Hi Vyacheslav,
On Thu, 25 Apr 2013 14:28:37 +0400, Vyacheslav Dubeyko wrote:
> Hi Ryusuke,
> 
> I think that this patch really needs in your review.
> 
> Thanks,
> Vyacheslav Dubeyko.
> --
> From: Vyacheslav Dubeyko <[email protected]>
> Subject: [PATCH] nilfs2: fix issue with broken bmap for the case of block 
> size lesser than 4 KB
> 
> DESCRIPTION:
> There are use-cases when NILFS2 file system (formatted with block size lesser 
> than 4 KB) can be remounted in RO mode because of encountering of "broken 
> bmap" issue.
> 
> The issue was reported by Anthony Doggett <[email protected]>: 
> "The machine I've been trialling nilfs on is running Debian Testing, Linux 
> version 3.2.0-4-686-pae ([email protected]) (gcc version 4.6.3 
> (Debian 4.6.3-14) ) #1 SMP Debian 3.2.35-2), but I've also reproduced it 
> (identically) with Debian Unstable amd64 and Debian Experimental (using the 
> 3.8-trunk kernel).  The problematic partitions were formatted with 
> "mkfs.nilfs2 -b 1024 -B 8192"."
> 
> SYMPTOMS:
> (1) System log contains error messages likewise:
> 
>     [63102.496756] nilfs_direct_assign: invalid pointer: 0
>     [63102.496786] NILFS error (device dm-17): nilfs_bmap_assign: broken bmap 
> (inode number=28)
>     [63102.496798]
>     [63102.524403] Remounting filesystem read-only
> 
> (2) The NILFS2 file system is remounted in RO mode.
> 
> REPRODUSING PATH:
> (1) Create volume group with name "unencrypted" by means of vgcreate utility.
> (2) Run script (prepared by Anthony Doggett <[email protected]>):
> 
> ----------------[BEGIN SCRIPT]--------------------
> #!/bin/bash
> 
> VG=unencrypted
> #apt-get install nilfs-tools darcs
> lvcreate --size 2G --name ntest $VG
> mkfs.nilfs2 -b 1024 -B 8192 /dev/mapper/$VG-ntest
> mkdir /var/tmp/n
> mkdir /var/tmp/n/ntest
> mount /dev/mapper/$VG-ntest /var/tmp/n/ntest
> mkdir /var/tmp/n/ntest/thedir
> cd /var/tmp/n/ntest/thedir
> sleep 2
> date
> darcs init
> sleep 2
> dmesg|tail -n 5
> date
> darcs whatsnew || true
> date
> sleep 2
> dmesg|tail -n 5
> ----------------[END SCRIPT]--------------------
> 
> REPRODUCIBILITY: 100%
> 
> INVESTIGATION:
> As it was discovered, the issue takes place during segment construction after 
> executing such sequence of user-space operations:
> 
> open("_darcs/index", O_RDWR|O_CREAT|O_NOCTTY, 0666) = 7
> fstat(7, {st_mode=S_IFREG|0644, st_size=0, ...}) = 0
> ftruncate(7, 60)
> 
> Factually, the error message "NILFS error (device dm-17): nilfs_bmap_assign: 
> broken bmap (inode number=28)" takes place because of trying to get block 
> number for third block of the file with logical offset #3072 bytes.
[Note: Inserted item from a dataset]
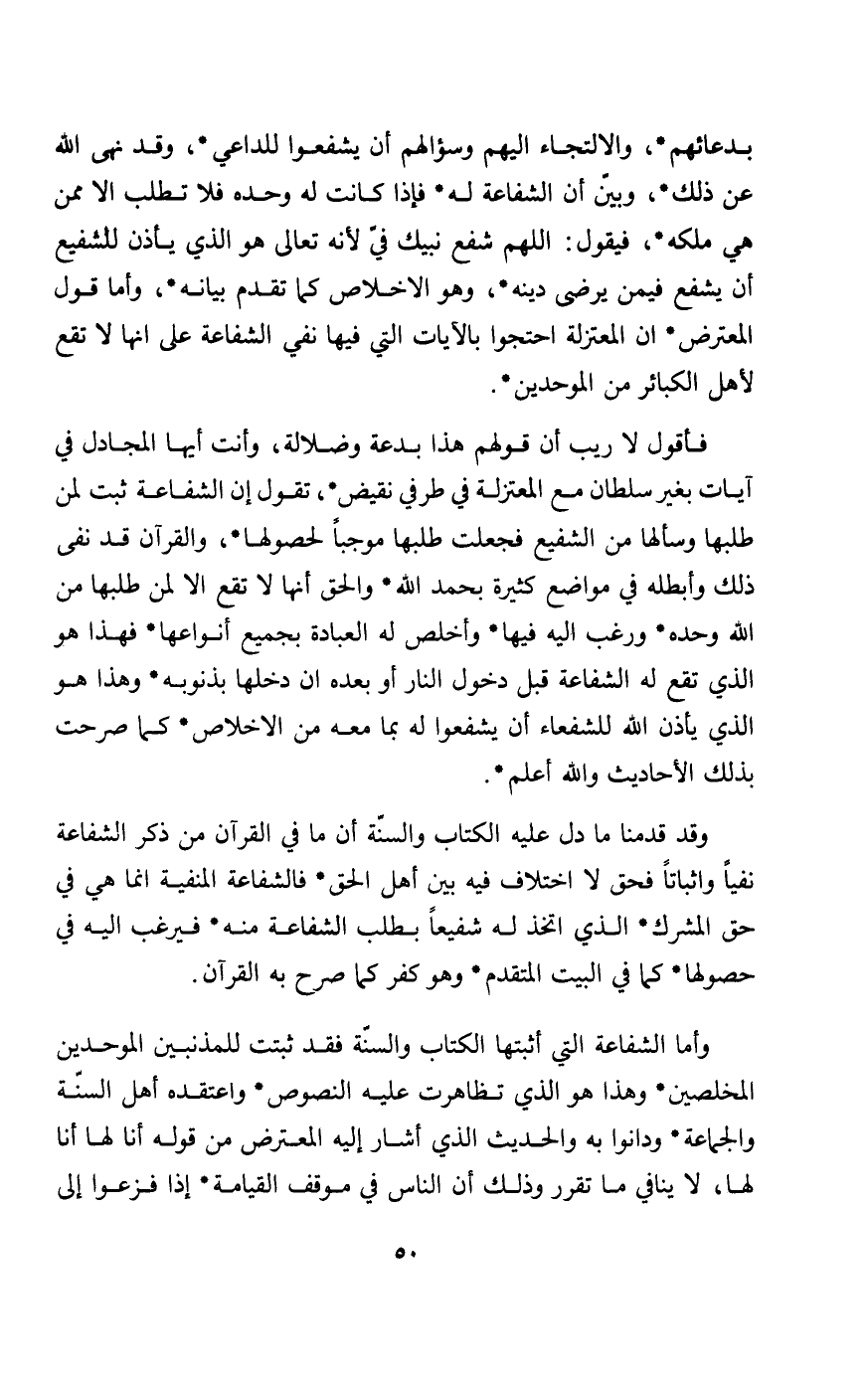 فأقول لاريب أن قولهم: هذا بدعة وضلالة وأنت أيها المجادل في آيات بغير سلطان مع المعتزلة في طرفي نقيض تقول إن الشفاعة ثبت لمن طلبها وسألها من الشفيع فجعلت طلبها موجبا لحصولها والقرآن قد نفى ذلك وأبطله في مواضع كثيرة بحمد الله والحق أنها لا تقع إلا لمن طلبها من الله وحده ورغب إليه فيها وأخلص له العبادة بجميع أنواعها فهذا هو الذي تقع له للشفاعة قبل دخول النار أو بعده أن دخلها بذنوبه وهذا هو الذي يأذن الله للشفعاء أن يشفعوا له بما معه من الا خلاص كما صرحت بذلك الأحاديث والله أعلم.
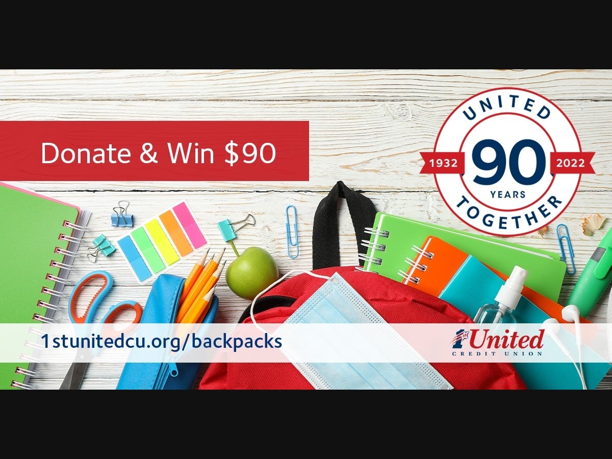 In celebration of our 90th year of service, 1st United will enter your name into a drawing to win a $90 gift card, just for donating. Learn more and find the nearest branch at 1stunitedcu.org/backpacks.

As it is 
> possible to see from above output, the file has 60 bytes of the whole size. 
> So, it is enough one block (1 KB in size) allocation for the whole file. 
> Trying to operate with several blocks instead of one takes place because of 
> discovering several dirty buffers for this file in nilfs_segctor_scan_file() 
> method. The create_empty_buffers() method creates buffers for the whole page 
> size. So, for the case of 1 KB block this method creates 4 empty buffers. As 
> a result, in the case of block size lesser than 4 KB the NILFS2 code tries to 
> operate with all buffers for the page without taking into account really 
> allocated buffers count.
> 
> FIX:
> The BH_NILFS_Allocated flag is used as a basis for the issue fix. Namely, 
> this flag is a info that this buffer is a really allocated buffer. So, every 
> buffer is marked as BH_NILFS_Allocated in the case of mapping on real block. 
> And only buffers with flag BH_NILFS_Allocated are getting into operations 
> with its.
> 
> Reported-by: Anthony Doggett <[email protected]>
> Signed-off-by: Vyacheslav Dubeyko <[email protected]>
> CC: Ryusuke Konishi <[email protected]>

Adding BH_NILFS_Allocated flag looks overkill for this issue.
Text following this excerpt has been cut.